That shaking; and a funny feeling inside

As I stood on a neighbor’s second floor porch which looked onto the front steps of our house (secretly glad to still have the privacy of my back-side fire escape to work with), we each recounted our version of the events.  I had woken up to the sounds of what seemed like someone trying to break down my door.  I had slept in, so it was almost noon.  I saw it was a bright, clear day, and my apartment was already full of light.  I am being robbed, I thought, still a bit too sleepy to be scared.  I briefly contemplated going out the window, went to get my phone.  Then I heard, through the door, “Fire Department!” “Somerville Police!”  They had come to rescue me.

My neighbor said he was standing in this very spot when he’d spotted the smoke on the porch.  As he said this he leaned to see around the tree, like he did that morning.  He pointed the smoke out to someone walking by and asked if anybody was barbequeing though he’d never seen anybody barbeque up there before.  This second person called the fire department.

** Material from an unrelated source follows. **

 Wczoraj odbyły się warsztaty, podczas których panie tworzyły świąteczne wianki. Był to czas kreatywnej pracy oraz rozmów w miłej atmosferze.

About five firetrucks and thirty firefighters showed up.  By the time I got outside ten or so of the firefighters had made it onto our second floor porch and were breaking apart a support beam and dousing it with water.  Smoke mixed with water ran down the side of the house.

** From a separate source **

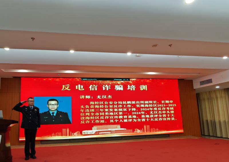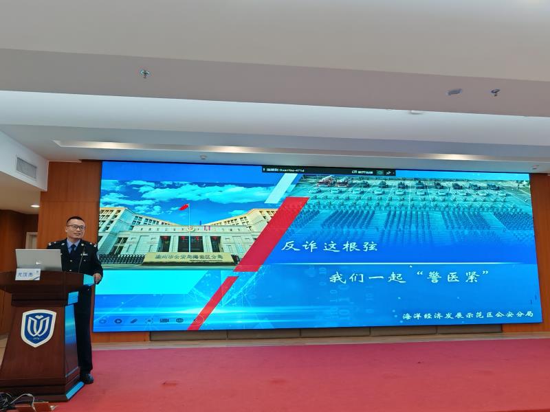 随后,海经区公安分局昆鹏派出所副所长尤汉杰展开题为“反诈这根弦 我们一起‘ 警医紧’”的反诈骗培训讲座。运用专业的反诈知识,配合生动鲜活的视频案例,深入浅出的讲解了如何辨识诈骗、如何防范诈骗,帮助医院职工掌握识别诈骗话术的技巧,切实增强医院职工反诈意识。

It was just a small electrical fire, sparked by some exposed wires on the porch.  But by the next morning our porches (2nd and 3rd floor) were condemned: deemed unsafe and a danger to its occupants.  Supposedly the fire had weakened some of the supports, but as I stood on my neighbor’s porch which pitched forward precariously and threatened to dump us both out onto the street below, I wasn’t so sure any more.  I said this to him.  I pointed out how the uncertain structure seemed to sway with each step and each shift of weight; I pointed to some anchoring bolts that seem to have been pulled clean out of the wall.   “If they ever came to have a look, I’m afraid your porch is going to be condemned, too,” I said, gravely.

He laughed.  “If anybody ever looked, every house on this block would be condemned,” he said.